Le sam. 6 déc. 2025 à 09:40, 'Sainan' via lua-l <lu...@googlegroups.com> a écrit :

I don't think you need to be worried about the names. I think it's anti-virus people who obviously want to know what bytecode and other obfuscated code does, so they can deem it safe or not.

-- Sainan

--
You received this message because you are subscribed to the Google Groups "lua-l" group.
To unsubscribe from this group and stop receiving emails from it, send an email to lua-l+un...@googlegroups.com.

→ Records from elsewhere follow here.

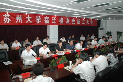 宿迁市政府办公室副主任刘立新校友主持了会议。宿迁市政协原副主席、市教育督导室主任贡光治校友介绍了宿迁校友会的筹备情况。宿迁市人事局局长龚和校友宣读了宿迁校友会章程。
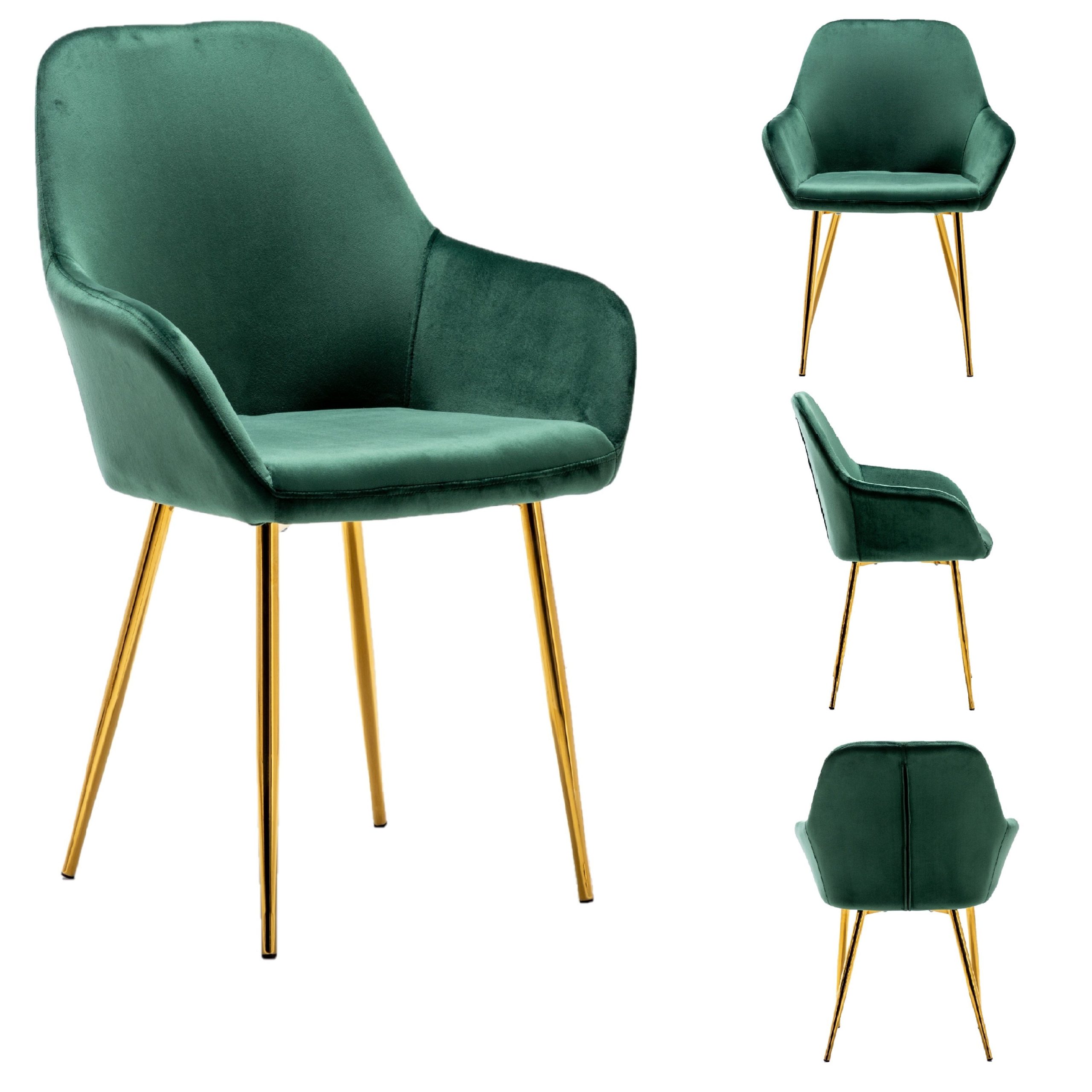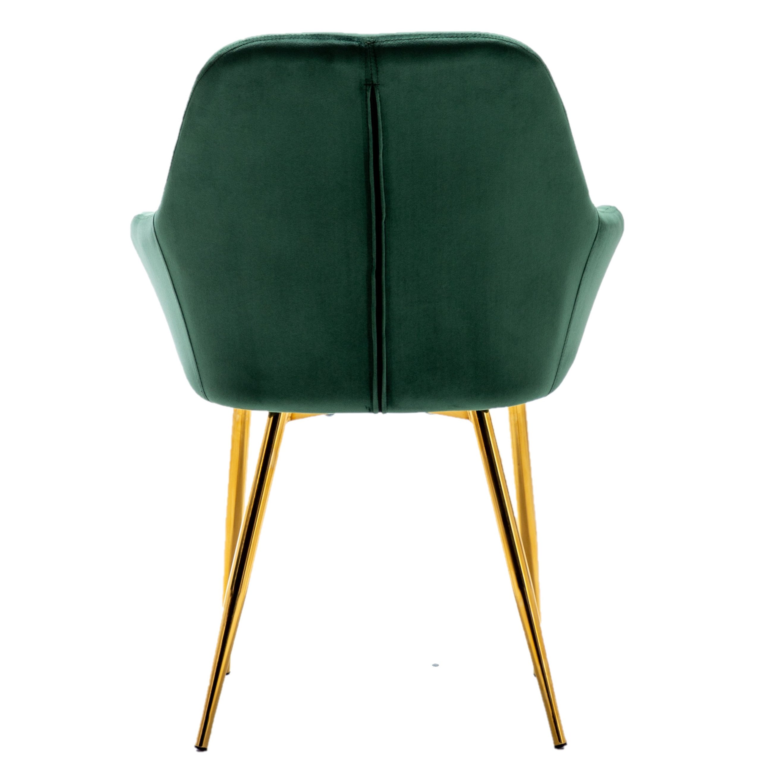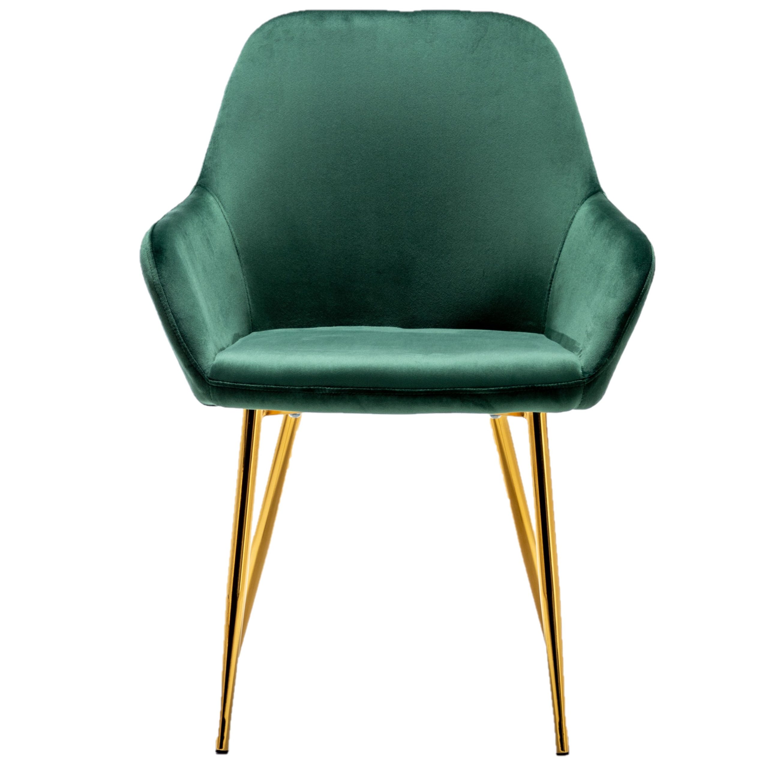 This modern upholstered armchair is a versatile piece that can be used for dining or as an accent in various rooms. Its rich green velvet upholstery and gold tapered legs create a bold and elegant look, while the rounded back and padded armrests offer comfort.
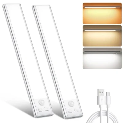 【Ultra Thin Magnetic Lights for Home】- With a thickness of just 9mm, this light blends seamlessly into your cabinets, shelves, closets, or workbenches without taking up extra space or ruining your aesthetic; Install in seconds using built-in magnets or included 3M adhesive strips. No drilling required and perfect for rental homes, cupboards, or mirrors 【Long Battery Lifespan Up to 96H】- Each light is equipped with a high-capacity rechargeable battery (1000mAh/1800mAh/2800mAh/5000mAh for 15or20.5/31/41/60cm lights), built-in rechargeable battery offers up to 96 hours of use on a single charge. USB-C charging is faster and more reliable, safer recharging with wide compatibility by using a laptop, power bank, or standard adapter 【Dimmable Brightness to Fit Every Mood & Task】- Whether you're slicing vegetables in the kitchen, selecting an outfit from your wardrobe, or simply creating a cozy evening ambiance, these great motion sensor lights indoor features stepless dimming from 100%–5%, or tap to switch between 5 brightness levels, let you adjust the brightness with precision to match every scenario 【Energy Efficient Motion Sensor Lights】- Equipped with energy-efficient LED beads, the lights consume minimal power while delivering bright, uniform, and flicker-free illumination; You can also switch between manual and automatic modes, or adjust brightness to suit different tasks and spaces. Whether you need a soft glow for ambiance or strong light for visibility, these lights deliver tailored illumination on demand 【Versatile lights for Home】- Designed with a slim, modern profile, easily match with different home decoration; Each pack includes 2 lights, 2 USB-C charging cables, and user manual. Perfect for under cabinet lighting, wardrobes, bookshelves, motorhomes, vanity mirrors and more
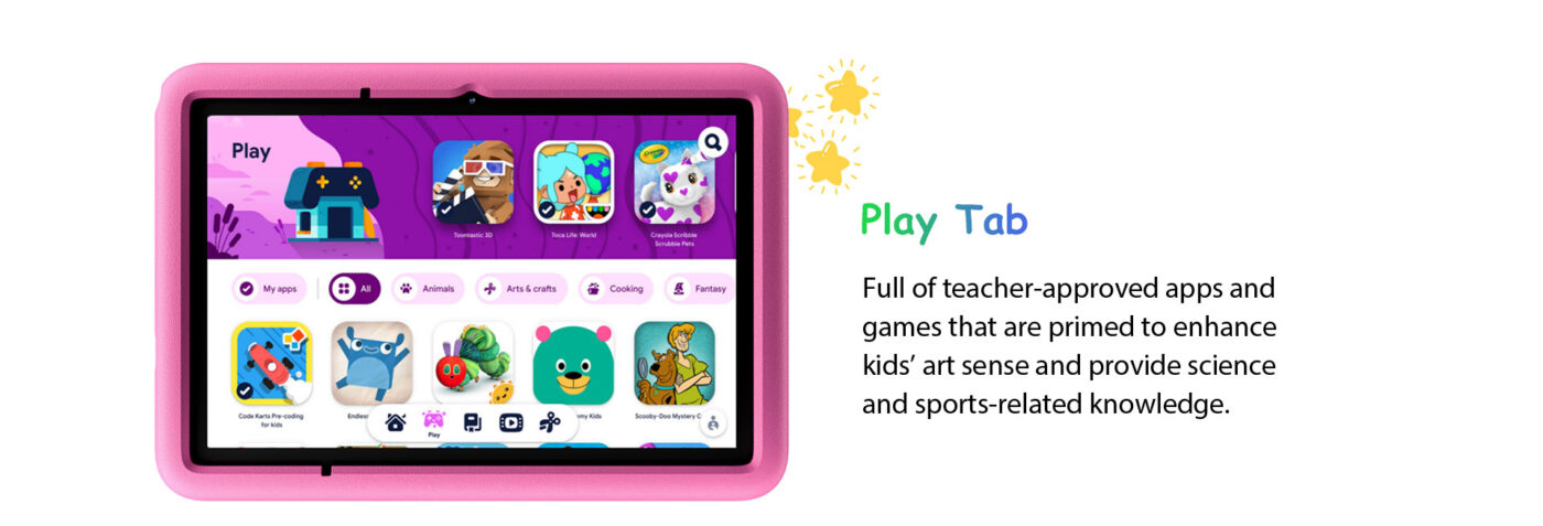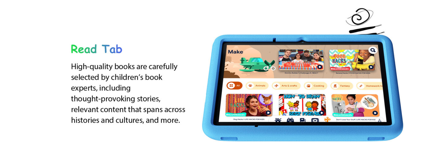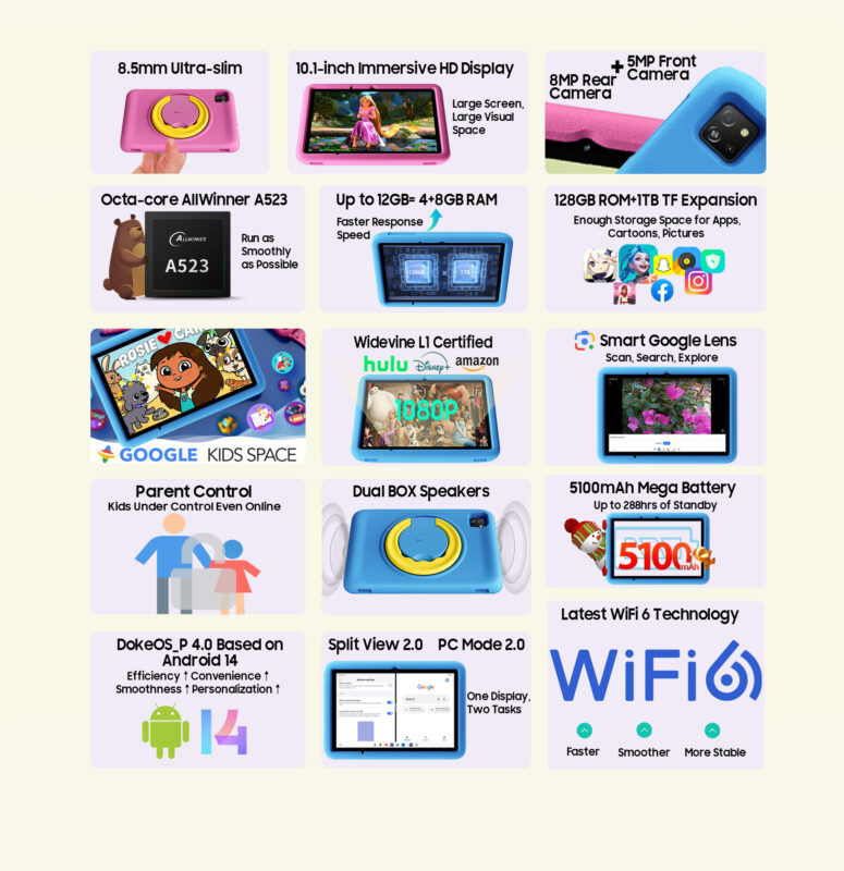 The tablet runs DokeOS 4.0, based on Android 14, offering a user interface that is intuitive and kid-friendly. With built-in parental controls, parents can set usage time limits, filter inappropriate content, monitor app usage, and create a safer digital environment.
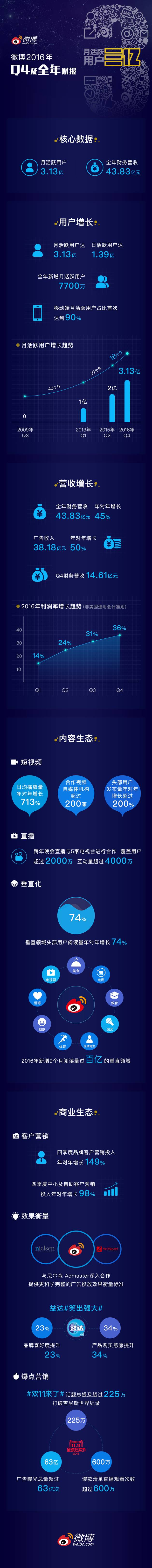 2月23日,新浪微博发布2016年Q4及年度财报:
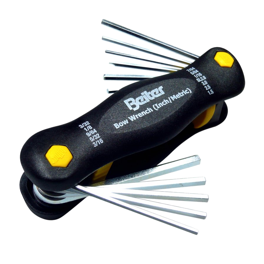 Der Beiter Bow Wrench beinhaltet 8 Inbusschlüssel in Zoll, 3 metrische Inbusschlüssel und eine Klinge mit Schlitz 2,8.
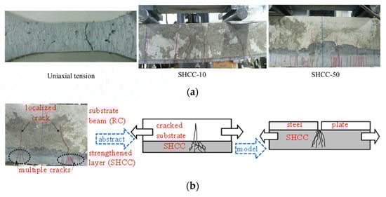 Cracking behavior of the SHCC layer used for RC flexural strengthening. (a) Crack patterns of the SHCC material and the SHCC layer used for flexural strengthening. (b) Concept of the zero-span tensile test.
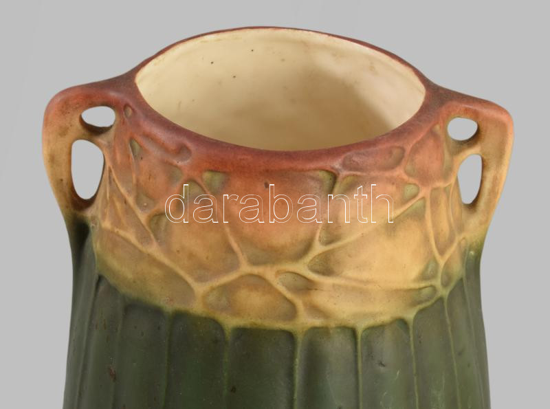 cca 1910-1920 Plasztikus szecessziós díszítésű fajansz váza, jelzett, kis kopással, m: 21,5 cm
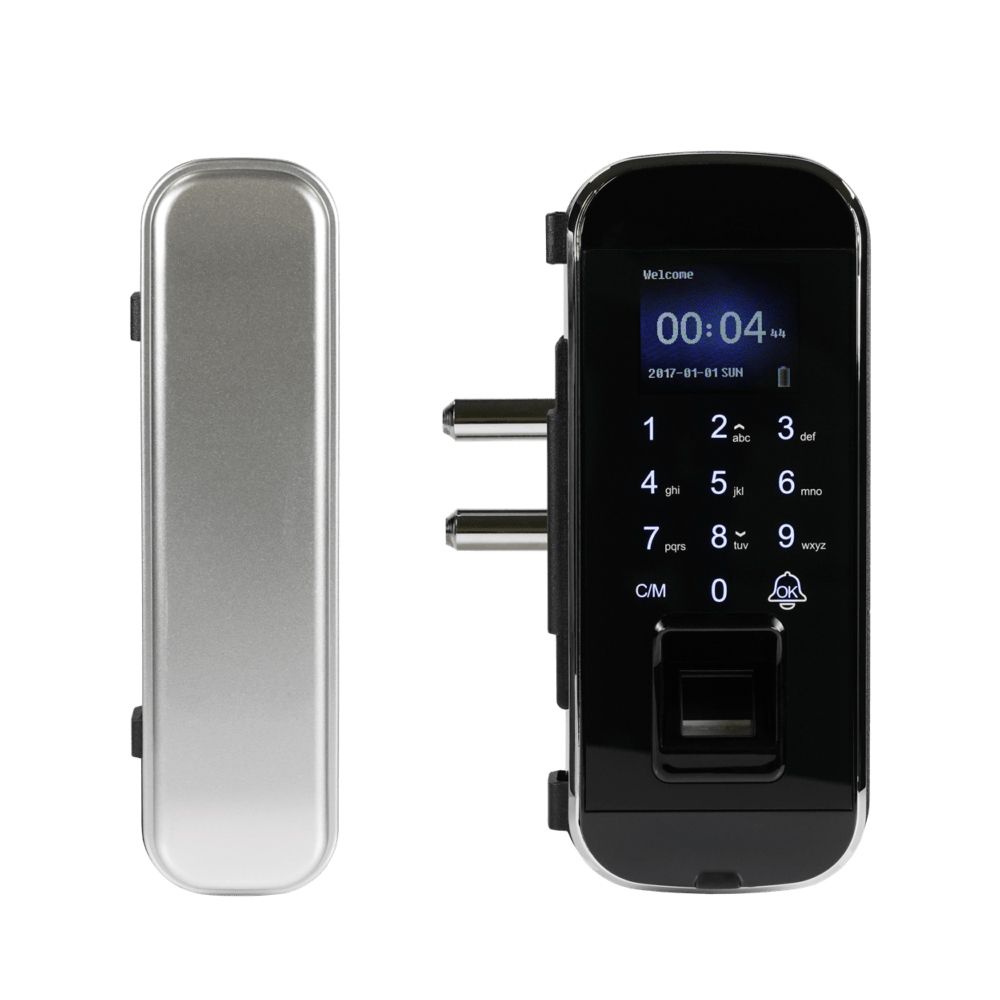 Біометричний автономний електрозамок зі зчитувачем відбитків пальців та карт EM-Marine 125 кГц; відімкнення за допомогою: відбитку пальця, коду, картки; кількість користувачів за відбитком пальця / карткою / кодом: 2000 / 1000 / 1000; 6-значний PIN-код; живлення 4*АА батарейки; сповіщення про низький заряд; можливість монтажу на скляні двері; накладний монтаж; розміри 168 / 75 / 65 мм
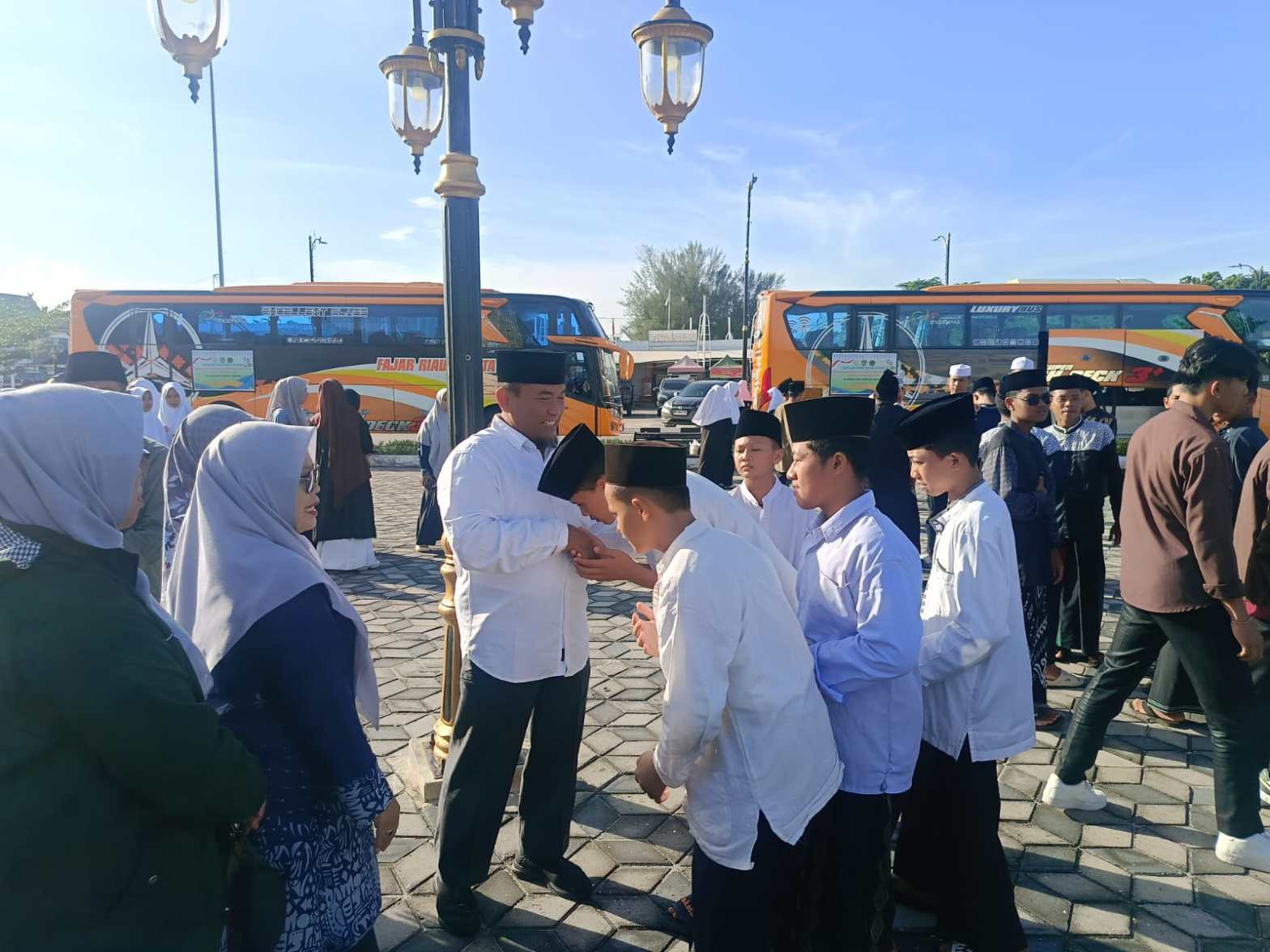 Dumai, Selasa, 21 Oktober 2025 – Pelepasan Pemberangkatan Santri FKPP Dumai Menuju Hari Santri Nasional Tingkat Provinsi Riau di Kabupaten Kuansing Bersama *Wakil Wali Kota Dumai Bapak H. Sugiyarto_ ( Perwakilan Pengurus, Santri Wustha/SMP dan Aliyah/SMA Pondok Pesantren Al Amin Dumai) Selasa Pagi, 21 Oktober 2025 di Halaman Masjid Dumai Islamic Center. Pimpinan Pondok PesantrenLanjutkan membaca “Ponpes Al Amin Dumai Hadir di Hari Santri 2025 Provinsi Riau di Kuantan Singingi”

To view this discussion visit https://groups.google.com/d/msgid/lua-l/evsp8KhT32F3iZ0svFd_dYyA6HRZUxRTplnKx_RqQ7RWc996M0ia8HoeG892PfKSDKXADNWmvk3l7j01qtcaelE9jLCdgF0jOk8-5NBwoKI%3D%40calamity.inc.

[bil til]

Am Mo., 8. Dez. 2025 um 11:29 Uhr schrieb Philippe Verdy <ver...@gmail.com>:
> integrating Lua inside a server component may as well be tweaked specifically for the serverside software implemeing it.

... yes, this is an important point... . I also would not need a
"decompiler from the shelf", but a C code example of such a
decompiler, as my Lua also could be called "tweaked" of course (it is
adapted to microcontrollers with small available RAM, and the settings
in luaconf.h of course also are adapted to this... (e. g. 32bit Lua).